Open-Access: This article is an open-access article that was selected by an in-house editor and fully peer-reviewed by external reviewers. It is distributed in accordance with the Creative Commons Attribution NonCommercial (CC BY-NC 4.0) license, which permits others to distribute, remix, adapt, build upon this work non-commercially, and license their derivative works on different terms, provided the original work is properly cited and the use is non-commercial. See: https://creativecommons.org/Licenses/by-nc/4.0/
Corresponding author: Basavraj S Nagoba, PhD, Professor, Department of Microbiology, Maharashtra Institute of Medical Sciences and Research (Medical College), Vishwanathpuram, Ambajogai Road, Latur 413531, India. dr_bsnagoba@yahoo.com
Received: March 19, 2024
Revised: May 27, 2024
Accepted: June 21, 2024
Published online: October 6, 2024
Processing time: 146 Days and 23.5 Hours

Abstract

This editorial is a commentary on the article by Ni et al, which was published in the World Journal of Clinical Cases.
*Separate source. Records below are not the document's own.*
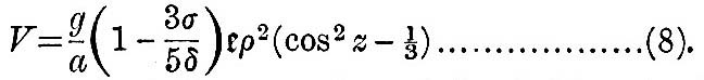 More generally, if we neglect the attraction of the fluid on itself, so that σ/δ is treated as small, and if ρ = α(1 + ς) be the equation to the surface of the fluid, where σ is a function of latitude and longitude, then the potential of the forces under which this is an equilibrium form is
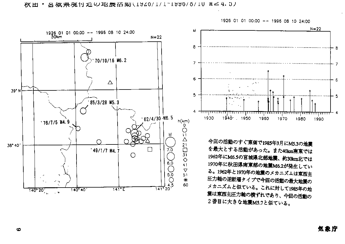 図7秋田・宮城県境付近の地震活動(1926-1996/8/10 M4.5以上)
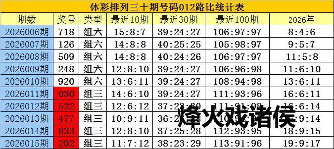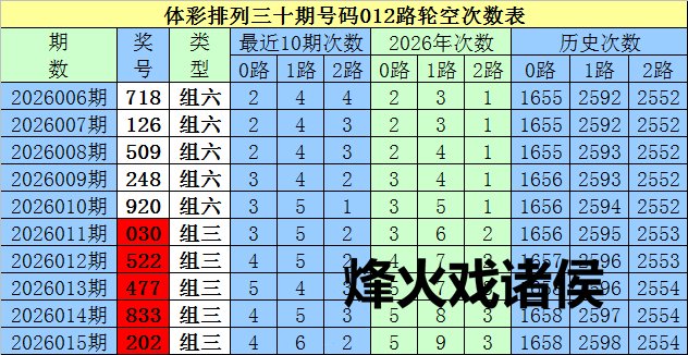 开奖回归:陈列三第2026015期奖号为:202,号码012路比为1:0:2。
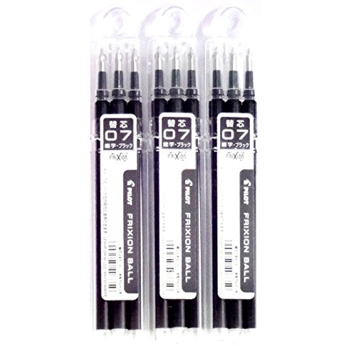 -. Title : Pilot Frixion Gel Ink Pen Refill 07, Black(LFBKRF30F3B), 0.7mm, 3 Refills X 3 Pack/total 9 Refills (Japan Import) [Komainu-Dou Original Package]
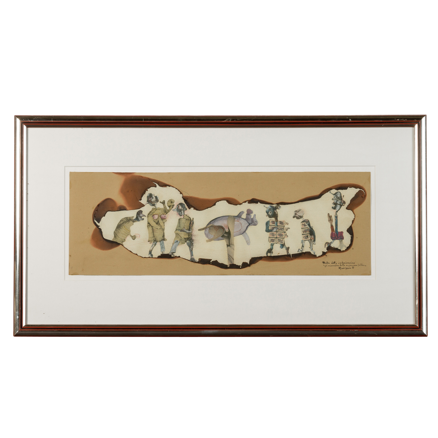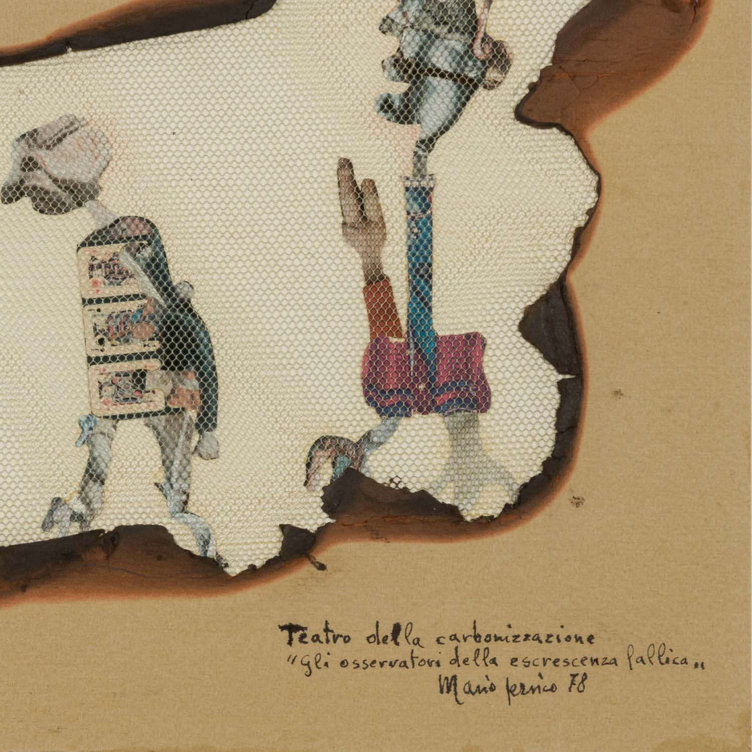 PERSICO, MARIO (1930), 'Teatro della carbonizzazione 'Gli osservatori della escrescenza fallica'', 1978, titled, signed and dated lower right, collage/cardboard, HxW: approx. 22x63 cm (46x86 cm with frame). Traces of age, partially slightly stained. Framed with passepartout behind glass (some slight traces of age and scratches).
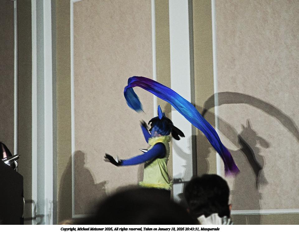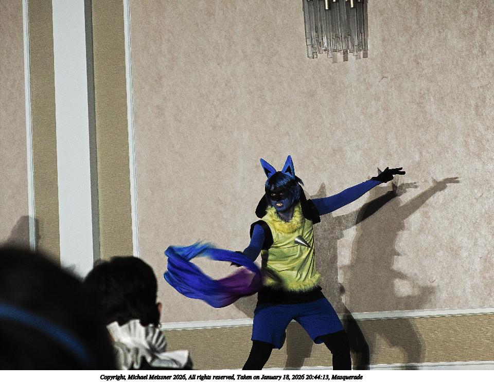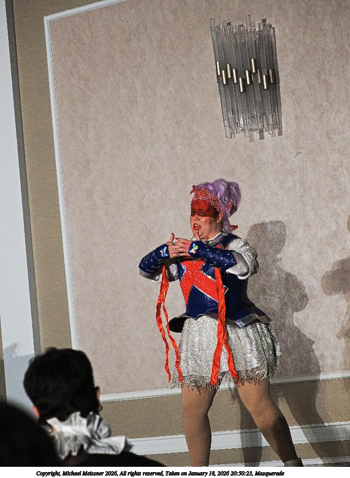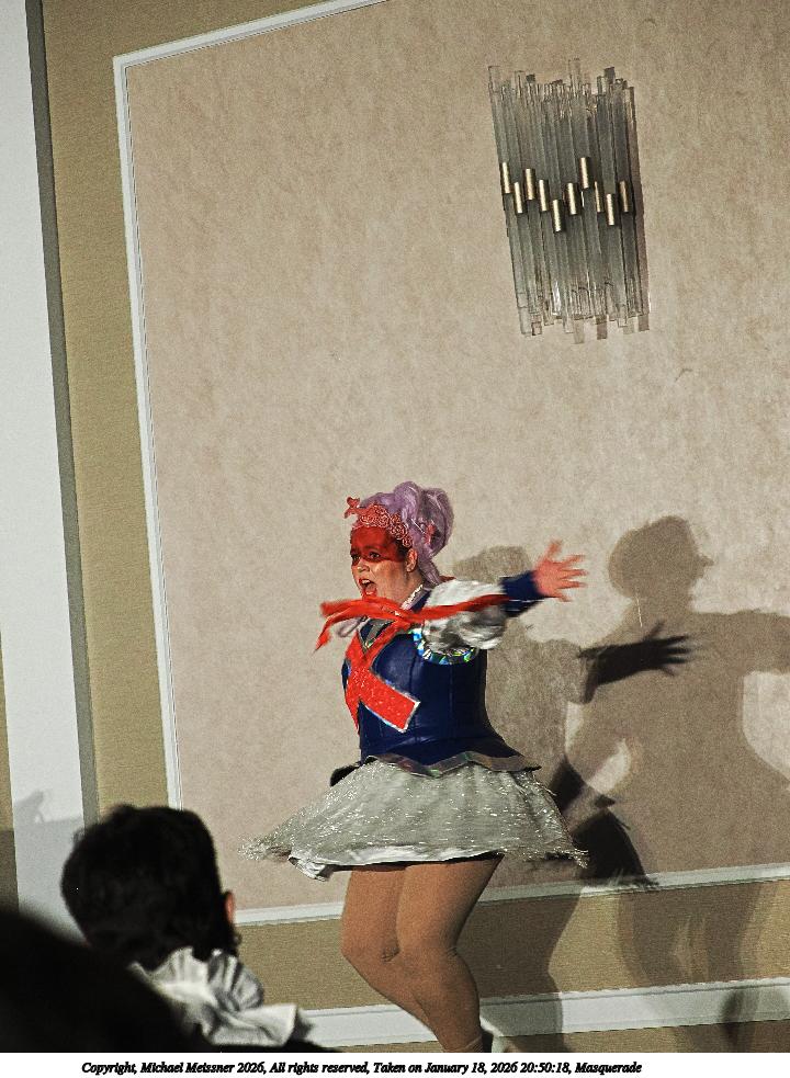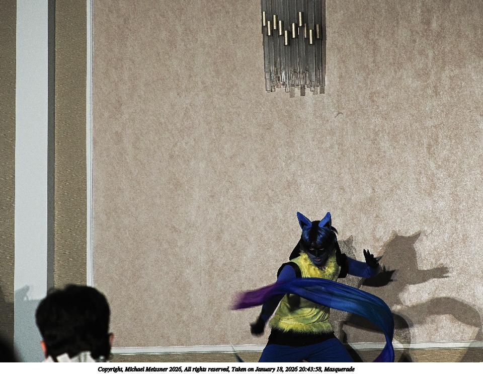 Picture #5: Masquerade #3 Thumb: 500x375, 40,124 bytes (40K) Small: 1000x773, 77,022 bytes (76K), (html file) Large: 4000x3000, 1,063,893 bytes (1.0M), (html file) Copyright, Michael Meissner 2026, All rights reserved OM OM1 camera with Olympus-m43 40-150mm f/2.8 lens f/3.2, ISO 4000, 1/200 sec, 95.0mm, auto mode, vivid color, matrix metering, continous focus, IS Auto, anti-shock 35mm equivalent focal length 190.0mm Programs used: crop, raw therapee Taken by Michael Meissner on January 18, 2026 20:29:12 Last modified on January 25, 2026 at 15:31 |
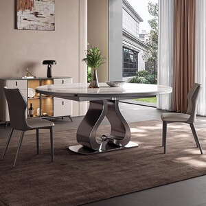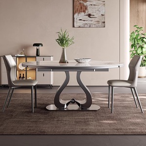 岩板ダイニングテーブル、伸縮式折りたたみ、円形・正方形両用、電磁調理器付き、多機能デザイナー家庭用ダイニングテーブル、大型円形テーブル
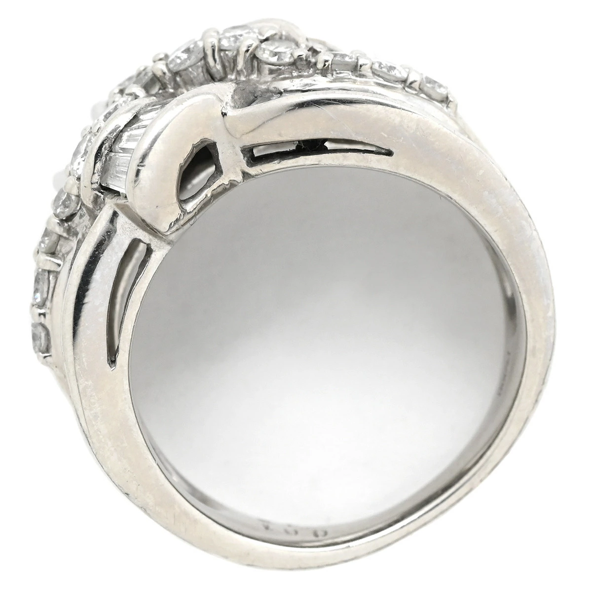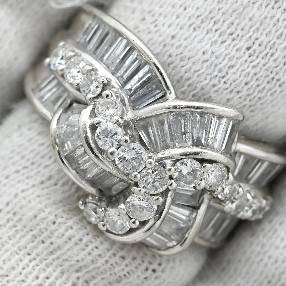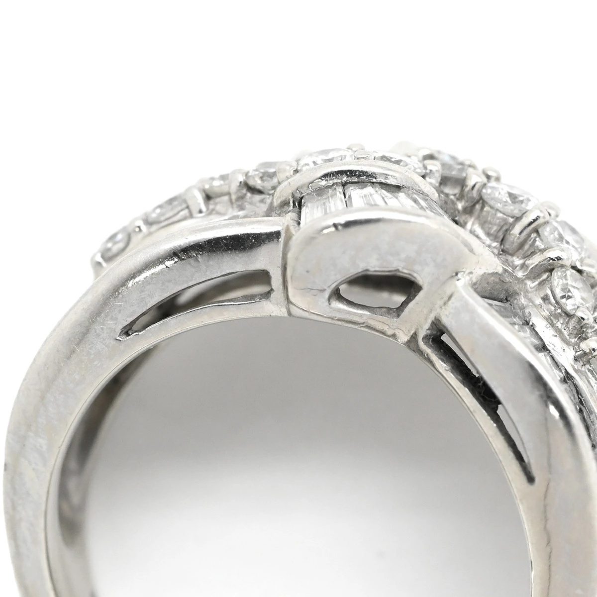 ノンブランド NON BRAND リング 指輪 ダイヤモンド リング Pt900 ダイヤモンド プラチナシルバー プラチナム テーパード バケット ラウンドブリリアント リボンモチーフ - 10号 レディース定番 人気 美品 【中古】
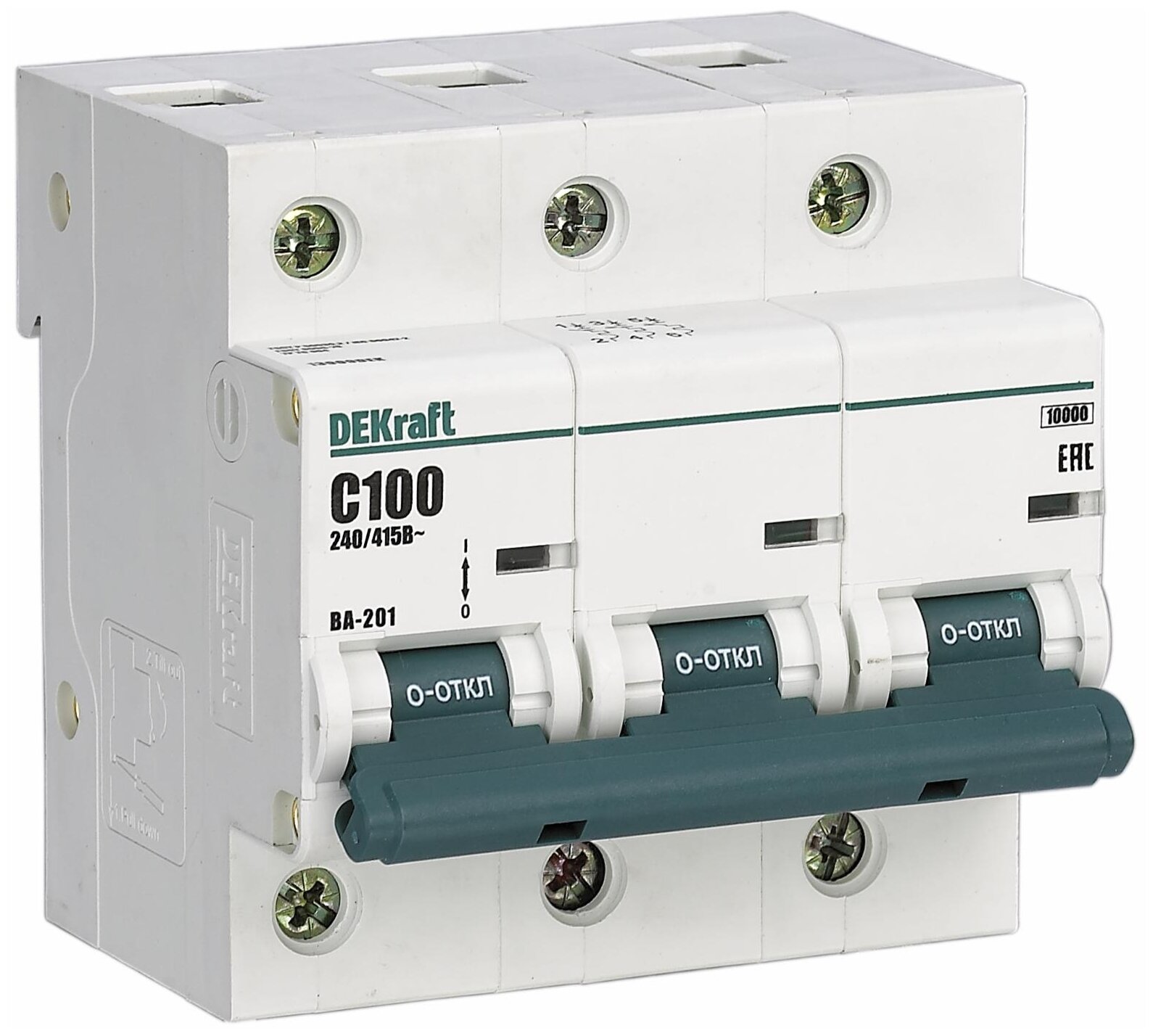 Автоматический выключатель на Din-рейку DEKraft ВА201-3P-100А-C 13009DEK C100А/3п/ 10 кА

The article discusses the diagnostic and therapeutic challenges of melioidosis caused by Burkholderia pseudomallei. The case study highlights a rare instance of multisystemic melioidosis in a female patient who did not have a travel history, emphasizing the significance of recognizing this condition in non-endemic regions. Diagnostic complexities and therapeutic strategies are addressed, emphasizing the need for heightened clinical suspicion, comprehensive evaluation, and multidisciplinary collaboration. The editorial delves into the clinical presentation, diagnostic dilemmas, therapeutic approaches, and their implications for patient care in managing multi-systemic melioidosis.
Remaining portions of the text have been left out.